L’idée d’une interdiction bénéficie d’un large soutien parmi les 27 États membres, même si elle ne fait pas l’unanimité.
«Les enfants participent à la société de l’information, ce sont plutôt les plateformes qui doivent changer», a déclaré à l’AFP Liisa-Ly Pakosta, ministre estonienne de la Justice et des Affaires numériques, l’une des rares responsables à s’y opposer ouvertement.
La situation pourrait toutefois être différente au Parlement européen.
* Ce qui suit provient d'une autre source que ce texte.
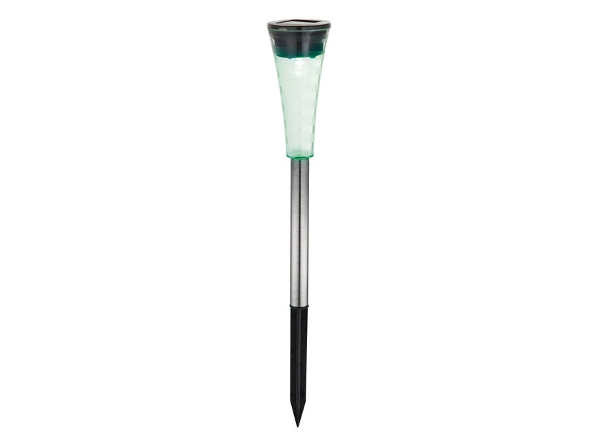 Bunte Abwechslung bringt das fünfteilige Solarleuchtenset von Globo in den Outdoorbereich. Dank eines RGB-Farbwechslers erstrahlen die LED-Solarspieße in farbenfrohem Licht, damit erhellen sie nicht nur ihre Umgebung und Gartenwege, sondern schaffen zugleich eine stimmungsvolle Atmosphäre. Da sie aus robustem Edelstahl und Kunststoff hergestellt und spritzwassergeschützt sind, sind sie für den Außeneinsatz perfekt gerüstet. Aufgeladen beträgt die Leuchtdauer etwa bis zu acht Stunden.

Celui-ci s’est récemment opposé à certaines mesures de lutte contre les contenus pédopornographiques en ligne, surnommées «Chat Control» par leurs détracteurs, parce qu’il les jugeait excessivement intrusives.
Réguler les plateformes plutôt que les jeunes
Pour Simeon de Brouwer, l’Union européenne ferait mieux de s’attaquer aux causes profondes du problème: le modèle économique des plateformes, fondé sur la maximisation du temps passé en ligne et de l’«engagement», qui stimule leurs revenus publicitaires.
«Le problème n’est pas que les jeunes soient en ligne, c’est que les espaces en ligne rendent les jeunes facilement accessibles aux prédateurs, aux arnaqueurs et à d’autres acteurs malveillants, en plus de favoriser la dépendance», explique-t-il.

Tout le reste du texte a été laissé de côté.